Dans l’affaire Chander et Joshi c. le ministère de la Santé nationale et du Bien ‑être social (1995), 29 C.H.R.R. D/272, un Tribunal des droits de la personne s’est fondé sur une preuve circonstancielle pour rendre sa décision en 1995. Les plaignants travaillaient comme chercheurs au Ministère lorsqu’un concours avait été annoncé. Les deux employés ont reçu des lettres de refus portant la date du jour où ils s’étaient présentés à une entrevue. Le Tribunal a conclu que les entrevues avaient été subjectives et superficielles et qu’elles avaient été menées d’une manière peu professionnelle. La preuve présentée établissait en outre que l’employeur avait décidé de ne pas choisir les plaignants avant la date des entrevues. Les explications données par le Ministère ne concordaient pas avec la preuve. De plus, le Tribunal a jugé que les deux plaignants étaient qualifiés.

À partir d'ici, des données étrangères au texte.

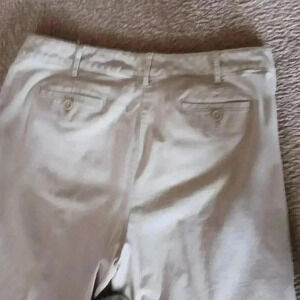 these are your traditional khaki pants with two pockets in the front and two slip-type pockets with buttons on the back. they come from a smoke-free, pet-free home. laid flat, the waist is 19 in, the inseam is 29 in, and from the waist to the Hem is 39 in. the color in the picture of the tag is the most accurate color.

La Commission canadienne des droits de la personne a retenu les services de M. John Samuel, sociologue d’Ottawa, pour mener une étude visant à déterminer les obstacles au recrutement et à l’avancement des membres de groupes minoritaires dans la fonction publique fédérale. M. Samuel a publié son rapport, Les minorités visibles et la fonction publique du Canada, en février 1997. Il y notait les réalisations médiocres du secteur public dans le domaine du recrutement et du maintien en fonction de membres des minorités visibles. Il révélait en même temps que les employés membres de ces groupes trouvent l’environnement de travail dans la fonction publique indifférent sinon hostile et que certains aspects du système de dotation empêchent effectivement les candidats membres de minorités visibles d’être engagés et promus. Les participants à l’étude ont souligné qu’un ferme engagement aux niveaux les plus élevés de la fonction publique était nécessaire pour faire évoluer la situation et qu’ils n’avaient pas l’impression que les gestionnaires, à quelque niveau qu’ils se trouvent, étaient suffisamment déterminés à accroître la représentation des minorités visibles.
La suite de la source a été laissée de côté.